Adaptive Traffic Signal Control (ATSC) has become a popular research topic in intelligent transportation systems. Regional Traffic Signal Control (RTSC) using the Multi-agent Deep Reinforcement Learning (MADRL) technique has become a promising approach for ATSC due to its ability to achieve the optimum trade-off between scalability and optimality. Most existing RTSC approaches partition a traffic network into several disjoint regions, followed by applying centralized reinforcement learning techniques to each region. However, the pursuit of cooperation among RTSC agents still remains an open issue and no communication strategy for RTSC agents has been investigated. In this paper, we propose communication strategies to capture the correlation of micro-traffic states among lanes and the correlation of macro-traffic states among intersections. We first justify the evolution equation of the RTSC process is Markovian via a system of store-and-forward queues. Next, based on the evolution equation, we propose two GAT-Aggregated (GA2) communication modules--GA2-Naive and GA2-Aug to extract both intra-region and inter-region correlations between macro and micro traffic states. While GA2-Naive only considers the movements at each intersection, GA2-Aug also considers the lane-changing behavior of vehicles. Two proposed communication modules are then aggregated into two existing novel RTSC frameworks--RegionLight and Regional-DRL. Experimental results demonstrate that both GA2-Naive and GA2-Aug effectively improve the performance of existing RTSC frameworks under both real and synthetic scenarios.

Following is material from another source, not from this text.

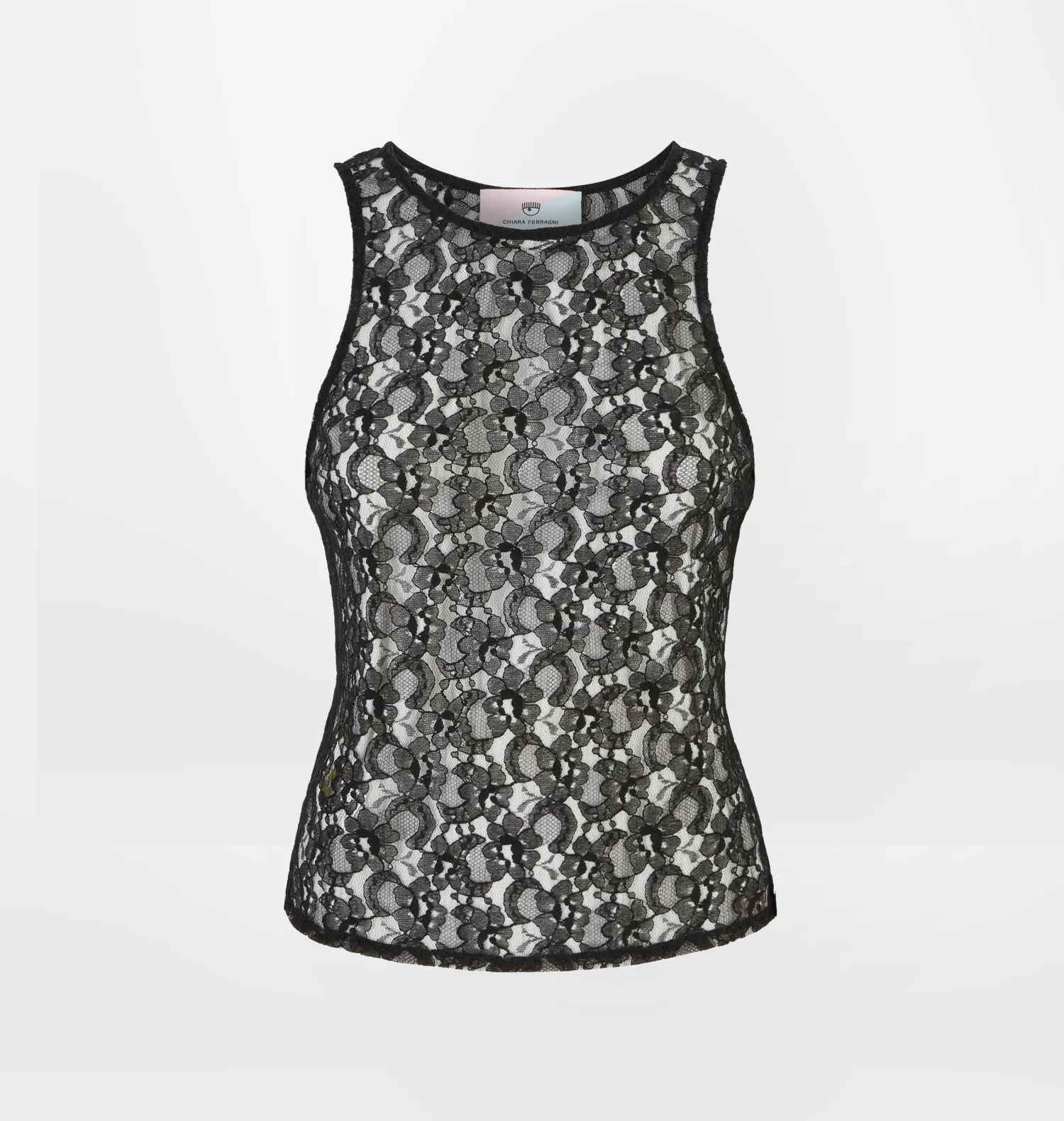 Transparent black lace tank top, slim fit with zip opening on the side.Fabric 1: 100% Polyamide

Hyperparameter testing also reveals the robustness and potential of our communication modules in large-scale traffic networks.

Figures (9)

• Figure 1: Isolated Intersection and Phase Configuration
• Figure 2: An arbitrary traffic network with external intersections (cycles with dash line) and internal intersections (cycles with solid line). Intersections of the current region $\mathcal{W}$ are filled with yellow and intersections outside the current region are filled with gray. Intersections that are not adjacent to $\mathcal{W}$ are omitted for simplicity. Red arrows in (b), (c), and (d) describe specific interactions in three scenarios.
• Figure 3: The architecture of proposed information sharing module. Macro and micro state inputs of the whole traffic network are first centralizedly embedded by stacked GATs and two stacks of GATs do not share weights. Then, the macro and micro hidden features are regrouped and concatenated as the observation of each regional agent according to the region configurations respectively. Next, each decentralized agent predicts the best action based on its observations. Finally, the union of the best actions of all agents is the optimal global control strategy for the whole traffic network.
• Figure 4: Overall Framework. Our framework contains three components, simulator, agent and memory. The simulator will simulate the traffic environment and offer traffic states for agents. Then agents will make decisions based on traffic states through three stages. First, the centralized communication stage will process network-level traffic state to enable RTSC agents to share information. Then, hidden features will be regrouped and flattened for each region in the feature regrouping stage. Finally, in the decentralized control stage, RTSC agents will choose the actions for their regions in a decentralized manner. The memory component will store the recent transition tuples for future training.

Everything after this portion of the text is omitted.